▶ **Task prompt**: Go through the lines below and copy any that hold the string "three".

Items from a data source:

.....

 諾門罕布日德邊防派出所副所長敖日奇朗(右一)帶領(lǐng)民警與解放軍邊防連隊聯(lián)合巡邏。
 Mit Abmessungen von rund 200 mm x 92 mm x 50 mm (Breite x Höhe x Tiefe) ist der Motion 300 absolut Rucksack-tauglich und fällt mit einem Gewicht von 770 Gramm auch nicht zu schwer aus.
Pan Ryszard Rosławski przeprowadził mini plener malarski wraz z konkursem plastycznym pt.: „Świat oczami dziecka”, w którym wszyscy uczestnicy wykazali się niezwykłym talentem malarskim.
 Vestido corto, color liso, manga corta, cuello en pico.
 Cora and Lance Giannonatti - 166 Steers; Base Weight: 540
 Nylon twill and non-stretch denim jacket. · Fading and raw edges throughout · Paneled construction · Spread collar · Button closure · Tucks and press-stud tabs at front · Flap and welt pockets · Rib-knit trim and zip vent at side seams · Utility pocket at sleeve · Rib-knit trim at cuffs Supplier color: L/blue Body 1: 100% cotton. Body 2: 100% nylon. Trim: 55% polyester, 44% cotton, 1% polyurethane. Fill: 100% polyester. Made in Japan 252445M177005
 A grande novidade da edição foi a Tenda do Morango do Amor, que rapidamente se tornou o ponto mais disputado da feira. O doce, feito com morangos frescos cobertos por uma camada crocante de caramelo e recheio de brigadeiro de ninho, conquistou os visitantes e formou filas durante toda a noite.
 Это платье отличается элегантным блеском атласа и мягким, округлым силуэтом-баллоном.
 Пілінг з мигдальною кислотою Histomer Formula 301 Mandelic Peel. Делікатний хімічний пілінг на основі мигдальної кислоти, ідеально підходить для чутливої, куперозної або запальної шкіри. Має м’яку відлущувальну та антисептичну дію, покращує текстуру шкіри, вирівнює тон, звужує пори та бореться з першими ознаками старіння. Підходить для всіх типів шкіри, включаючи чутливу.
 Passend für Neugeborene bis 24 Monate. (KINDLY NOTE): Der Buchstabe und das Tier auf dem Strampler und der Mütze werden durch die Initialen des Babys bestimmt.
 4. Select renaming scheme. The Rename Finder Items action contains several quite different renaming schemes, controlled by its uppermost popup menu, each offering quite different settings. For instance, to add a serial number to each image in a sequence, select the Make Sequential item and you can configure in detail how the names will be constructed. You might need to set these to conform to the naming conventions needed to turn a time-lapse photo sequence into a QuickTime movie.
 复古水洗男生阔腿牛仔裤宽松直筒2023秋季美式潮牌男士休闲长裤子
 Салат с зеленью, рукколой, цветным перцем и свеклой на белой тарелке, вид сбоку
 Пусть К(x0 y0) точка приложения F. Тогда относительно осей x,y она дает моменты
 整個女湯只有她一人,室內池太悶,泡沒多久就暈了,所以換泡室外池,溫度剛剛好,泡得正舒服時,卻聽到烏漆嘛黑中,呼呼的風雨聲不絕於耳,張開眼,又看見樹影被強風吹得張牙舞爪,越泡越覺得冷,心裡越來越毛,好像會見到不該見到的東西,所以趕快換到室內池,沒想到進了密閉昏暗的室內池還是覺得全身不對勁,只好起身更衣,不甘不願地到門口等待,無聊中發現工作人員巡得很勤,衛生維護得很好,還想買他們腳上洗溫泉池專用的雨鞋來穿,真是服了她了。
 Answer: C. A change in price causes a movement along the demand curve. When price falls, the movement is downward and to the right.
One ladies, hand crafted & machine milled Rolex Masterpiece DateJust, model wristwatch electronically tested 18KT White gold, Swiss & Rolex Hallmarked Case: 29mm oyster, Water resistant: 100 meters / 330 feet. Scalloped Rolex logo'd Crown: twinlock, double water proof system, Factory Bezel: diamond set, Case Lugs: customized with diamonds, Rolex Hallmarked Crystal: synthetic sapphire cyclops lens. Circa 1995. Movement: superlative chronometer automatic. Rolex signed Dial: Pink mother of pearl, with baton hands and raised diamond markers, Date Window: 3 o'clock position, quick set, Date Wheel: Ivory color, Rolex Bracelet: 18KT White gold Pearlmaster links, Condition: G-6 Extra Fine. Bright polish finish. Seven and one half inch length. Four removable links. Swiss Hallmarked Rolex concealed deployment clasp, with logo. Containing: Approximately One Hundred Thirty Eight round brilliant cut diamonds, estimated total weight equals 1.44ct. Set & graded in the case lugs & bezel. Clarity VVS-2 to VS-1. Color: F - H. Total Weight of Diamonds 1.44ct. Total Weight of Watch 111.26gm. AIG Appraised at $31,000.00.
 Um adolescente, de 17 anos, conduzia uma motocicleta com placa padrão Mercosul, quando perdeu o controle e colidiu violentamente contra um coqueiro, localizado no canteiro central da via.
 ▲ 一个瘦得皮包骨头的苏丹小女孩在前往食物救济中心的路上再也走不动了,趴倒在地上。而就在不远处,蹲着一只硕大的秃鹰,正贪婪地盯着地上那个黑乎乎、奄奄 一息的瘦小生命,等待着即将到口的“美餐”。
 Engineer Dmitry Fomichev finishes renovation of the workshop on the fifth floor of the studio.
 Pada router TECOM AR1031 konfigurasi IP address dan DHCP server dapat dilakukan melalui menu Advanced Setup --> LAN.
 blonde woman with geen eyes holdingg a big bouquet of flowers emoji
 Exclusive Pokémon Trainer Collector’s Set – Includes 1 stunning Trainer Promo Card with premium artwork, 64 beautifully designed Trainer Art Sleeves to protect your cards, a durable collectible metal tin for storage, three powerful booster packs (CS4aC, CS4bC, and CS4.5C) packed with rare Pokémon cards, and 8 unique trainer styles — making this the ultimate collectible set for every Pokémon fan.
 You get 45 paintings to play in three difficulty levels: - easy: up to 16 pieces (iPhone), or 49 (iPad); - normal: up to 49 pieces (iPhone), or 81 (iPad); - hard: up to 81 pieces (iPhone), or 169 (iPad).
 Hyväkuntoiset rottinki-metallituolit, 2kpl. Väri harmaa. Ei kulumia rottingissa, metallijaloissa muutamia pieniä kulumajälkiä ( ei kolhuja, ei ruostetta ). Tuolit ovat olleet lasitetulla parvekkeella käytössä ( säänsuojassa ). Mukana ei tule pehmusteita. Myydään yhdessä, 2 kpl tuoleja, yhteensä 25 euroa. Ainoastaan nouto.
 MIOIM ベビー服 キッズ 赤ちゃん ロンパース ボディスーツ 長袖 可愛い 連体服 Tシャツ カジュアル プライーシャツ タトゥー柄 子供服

.....

▶ **Task answer**:
 Exclusive Pokémon Trainer Collector’s Set – Includes 1 stunning Trainer Promo Card with premium artwork, 64 beautifully designed Trainer Art Sleeves to protect your cards, a durable collectible metal tin for storage, three powerful booster packs (CS4aC, CS4bC, and CS4.5C) packed with rare Pokémon cards, and 8 unique trainer styles — making this the ultimate collectible set for every Pokémon fan.
 You get 45 paintings to play in three difficulty levels: - easy: up to 16 pieces (iPhone), or 49 (iPad); - normal: up to 49 pieces (iPhone), or 81 (iPad); - hard: up to 81 pieces (iPhone), or 169 (iPad).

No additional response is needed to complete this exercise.